Skip the pictures and write out, word for word, the lines below from the one with "Above: Festivities in" through the one with "Pyidaungsu Hluttaw Deputy", inclusive.

====== SOURCE MATERIAL

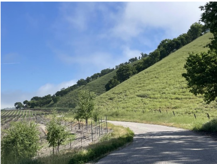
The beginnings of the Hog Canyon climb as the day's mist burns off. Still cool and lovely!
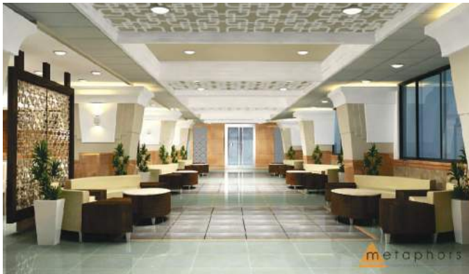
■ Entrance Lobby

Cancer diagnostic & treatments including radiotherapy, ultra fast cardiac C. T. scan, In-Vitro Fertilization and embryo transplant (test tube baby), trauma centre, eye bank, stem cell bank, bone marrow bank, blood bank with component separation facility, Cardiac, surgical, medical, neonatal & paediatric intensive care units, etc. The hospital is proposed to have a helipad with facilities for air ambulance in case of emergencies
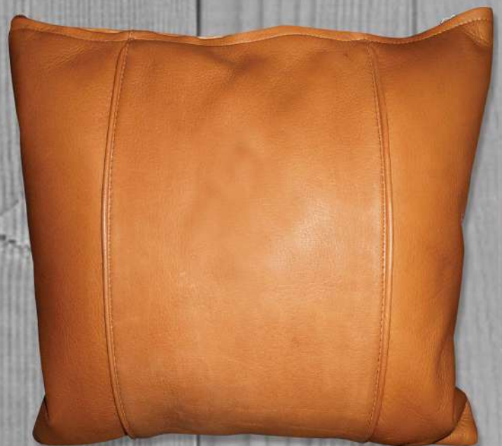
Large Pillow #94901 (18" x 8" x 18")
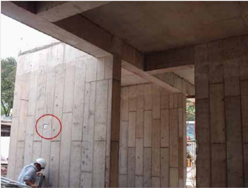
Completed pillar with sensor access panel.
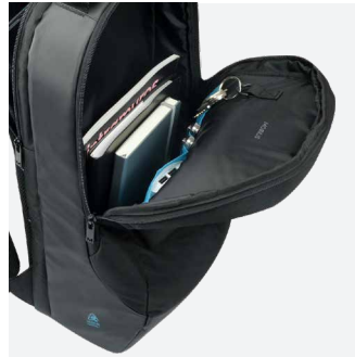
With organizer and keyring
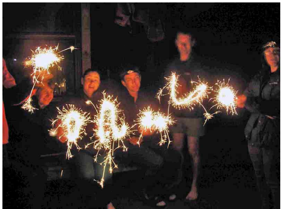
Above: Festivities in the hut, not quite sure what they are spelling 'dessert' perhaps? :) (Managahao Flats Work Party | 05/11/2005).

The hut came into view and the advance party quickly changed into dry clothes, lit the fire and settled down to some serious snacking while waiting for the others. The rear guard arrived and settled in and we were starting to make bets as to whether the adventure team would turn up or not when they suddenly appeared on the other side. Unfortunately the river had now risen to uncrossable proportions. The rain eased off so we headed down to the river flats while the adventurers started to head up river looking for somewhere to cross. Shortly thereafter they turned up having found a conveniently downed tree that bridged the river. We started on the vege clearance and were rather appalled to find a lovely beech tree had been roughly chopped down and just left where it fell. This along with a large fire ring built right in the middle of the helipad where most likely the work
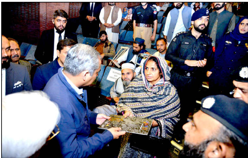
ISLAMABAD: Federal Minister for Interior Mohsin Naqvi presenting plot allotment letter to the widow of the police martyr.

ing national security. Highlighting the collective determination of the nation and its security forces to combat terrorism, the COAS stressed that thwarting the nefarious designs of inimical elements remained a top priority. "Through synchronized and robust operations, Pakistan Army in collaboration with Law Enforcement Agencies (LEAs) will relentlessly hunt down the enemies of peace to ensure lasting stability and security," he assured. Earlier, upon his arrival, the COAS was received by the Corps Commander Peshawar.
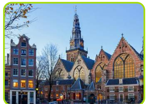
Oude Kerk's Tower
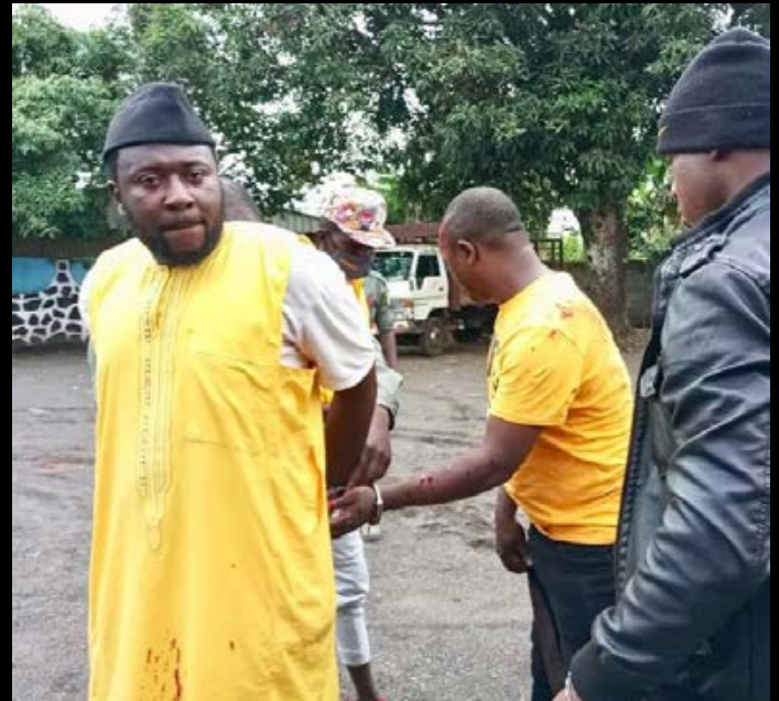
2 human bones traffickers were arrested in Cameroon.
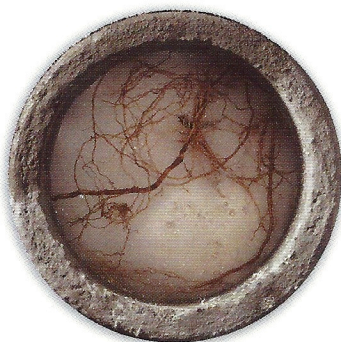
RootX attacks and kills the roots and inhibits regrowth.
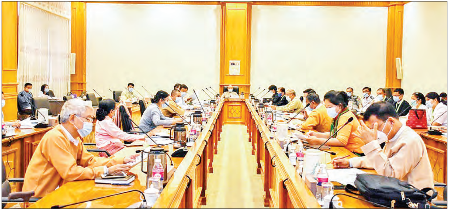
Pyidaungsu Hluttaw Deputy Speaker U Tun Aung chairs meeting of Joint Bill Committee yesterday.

============
====== SOURCE MATERIAL

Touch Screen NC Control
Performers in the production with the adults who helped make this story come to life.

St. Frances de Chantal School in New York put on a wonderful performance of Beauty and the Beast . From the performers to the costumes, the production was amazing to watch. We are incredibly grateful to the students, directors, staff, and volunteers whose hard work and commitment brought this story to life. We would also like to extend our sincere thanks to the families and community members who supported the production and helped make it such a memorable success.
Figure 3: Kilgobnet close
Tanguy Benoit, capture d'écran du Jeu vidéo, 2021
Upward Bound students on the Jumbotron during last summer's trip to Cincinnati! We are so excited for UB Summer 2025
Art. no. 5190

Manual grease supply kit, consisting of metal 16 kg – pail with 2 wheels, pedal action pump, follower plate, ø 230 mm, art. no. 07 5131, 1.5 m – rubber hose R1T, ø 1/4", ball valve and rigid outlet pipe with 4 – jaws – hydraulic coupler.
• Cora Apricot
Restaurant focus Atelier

============
====== SOURCE MATERIAL

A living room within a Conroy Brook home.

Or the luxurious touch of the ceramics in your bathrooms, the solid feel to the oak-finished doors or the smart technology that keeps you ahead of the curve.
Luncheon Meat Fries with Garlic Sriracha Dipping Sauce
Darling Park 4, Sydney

============

ANSWER TO THIS TASK>
Above: Festivities in the hut, not quite sure what they are spelling 'dessert' perhaps? :) (Managahao Flats Work Party | 05/11/2005).

The hut came into view and the advance party quickly changed into dry clothes, lit the fire and settled down to some serious snacking while waiting for the others. The rear guard arrived and settled in and we were starting to make bets as to whether the adventure team would turn up or not when they suddenly appeared on the other side. Unfortunately the river had now risen to uncrossable proportions. The rain eased off so we headed down to the river flats while the adventurers started to head up river looking for somewhere to cross. Shortly thereafter they turned up having found a conveniently downed tree that bridged the river. We started on the vege clearance and were rather appalled to find a lovely beech tree had been roughly chopped down and just left where it fell. This along with a large fire ring built right in the middle of the helipad where most likely the work
ISLAMABAD: Federal Minister for Interior Mohsin Naqvi presenting plot allotment letter to the widow of the police martyr.

ing national security. Highlighting the collective determination of the nation and its security forces to combat terrorism, the COAS stressed that thwarting the nefarious designs of inimical elements remained a top priority. "Through synchronized and robust operations, Pakistan Army in collaboration with Law Enforcement Agencies (LEAs) will relentlessly hunt down the enemies of peace to ensure lasting stability and security," he assured. Earlier, upon his arrival, the COAS was received by the Corps Commander Peshawar.
Oude Kerk's Tower
2 human bones traffickers were arrested in Cameroon.
RootX attacks and kills the roots and inhibits regrowth.
Pyidaungsu Hluttaw Deputy Speaker U Tun Aung chairs meeting of Joint Bill Committee yesterday.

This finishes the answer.